Three Magic Words: Things my Mother Taught me
Three Magic Words
Please, thank you, and excuse me,
Three Magical words,
The politeness 'open sesame'
Fly round like sociable birds.
Three Magic Words
Now, in my old age, I often think of some of the things that my Mother taught me. Some were wise, some useful, and some now just make me smile.
When we were children, there always seemed to be so much to learn about etiquette, things such as:
- to remember our manners,
- to wait until spoken to,
- to be polite,
- to wear the right clothes for the occasion.
When I was a teenager, one of my teachers even wrote in my Autograph Book the quotation: 'Her voice was ever soft, gentle and low, an excellent thing in woman.'
I could never decide if it was a hint or approbation!
Some of her ideas were fanciful or now outdated, but some were very good and I've tried to pass them on to my own children.

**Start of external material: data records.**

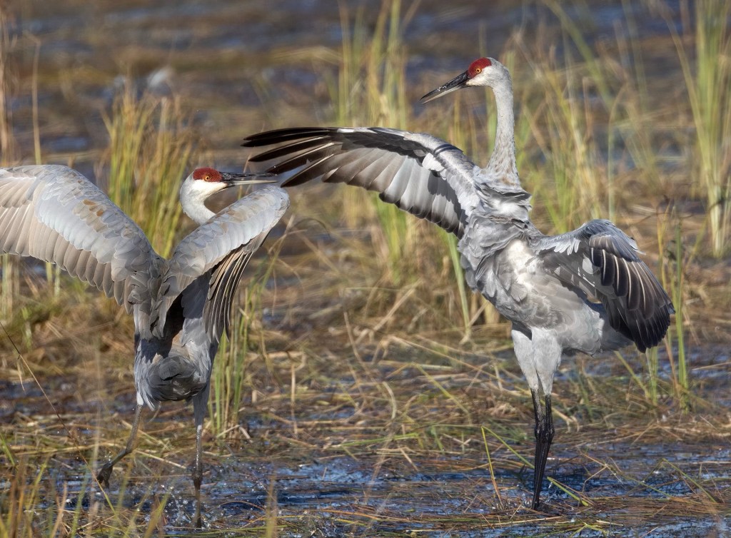 Lots of crane dancing going on right now in crex meadows. This one is spreading his wings to confront the bird on the left. The light was strong but that was necessary to freeze the action. Enjoy til tomorrow Mj
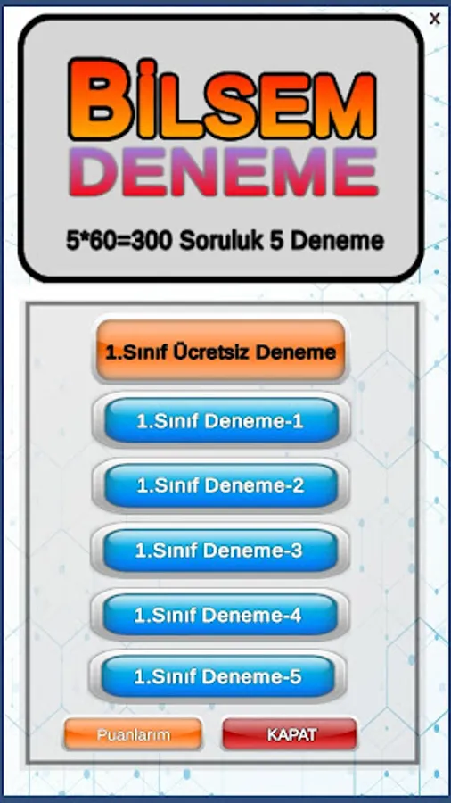 The original questions prepared after examining all the local and foreign sources were transformed into a mobile trial application according to the 1st grade level. It is aimed that the students make an experiment suitable for the real exam. Works on Android mobile phones and Tablets.
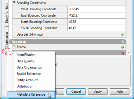 , updating from the data source, using templates, copying and pasting, or importing from similar sources, some data must be entered manually. The Metadata Editor (FGDC) provides an interface in which to enter and manage your metadata.

Mother read this somewhere and was keen that we took note:
- The Scottish woman puts her gloves on in the bedroom.
- The English woman just before she goes out the door.
- The Australian woman as she goes down the street.
When visiting, wear clothes that are suitable for your hosts and the occasion, but never dress down too much. People appreciate it that you have made an effort to look nice for them.
Never dress better than your guests.
Brush your clothes and remove lint and tiflings. Good grooming is important.
Wear jackets and overcoats buttoned up when you are walking in the street (my Grandmother).
Make sure the seams on the back of your stockings are straight.
If carrying gloves, rather than wearing them, have the gauntlet pointing away from you.
Always wear your best clothes when going to Church, you are visiting God's House.
Grape Seed Story
The vine in the back yard had done well and for dessert we were having grapes. My sister and I hated the seeds, but Mother insisted we eat them:
"They have lots of oil and other things that are good for you."
I was busily trying to dispose of mine by surreptitiously dropping them onto the dining-room carpet and hoping they would be camouflaged by the pattern.
Suddenly my Grandmother said, "Oh, bother! These grape seeds get stuck under my plate" (meaning her false teeth)!
My four year old sister lifted her plate and said, "That's funny. I have grape seeds under my plate, too!"
There were so many rules to remember about how to behave at the table, but if we were hungry it was best to comply or we might be asked to leave before we had eaten.
- Use the cutlery on the outside first.
- If you are serving at table, give plates to the person's left, drinks to the right. If taking plates away, take from the right.
- If still eating, leave the knife and fork a little apart with the prongs of the fork pointing downwards.
- If you have finished, put the knife and fork together, with the prongs of the fork pointing upwards.
- Never hold your knife like a pencil, it just isn't good manners.
- If you are given a spoon and a dessert fork for the pudding, use them both, but only eat from the spoon.
- Never use the pepper and salt until you have tasted the food. It's not much of a compliment to the cook who may have seasoned it sufficiently for your taste.
- Never leave any food on your plate. There are people in the world who are starving; It also says that you don't like what you have been offered.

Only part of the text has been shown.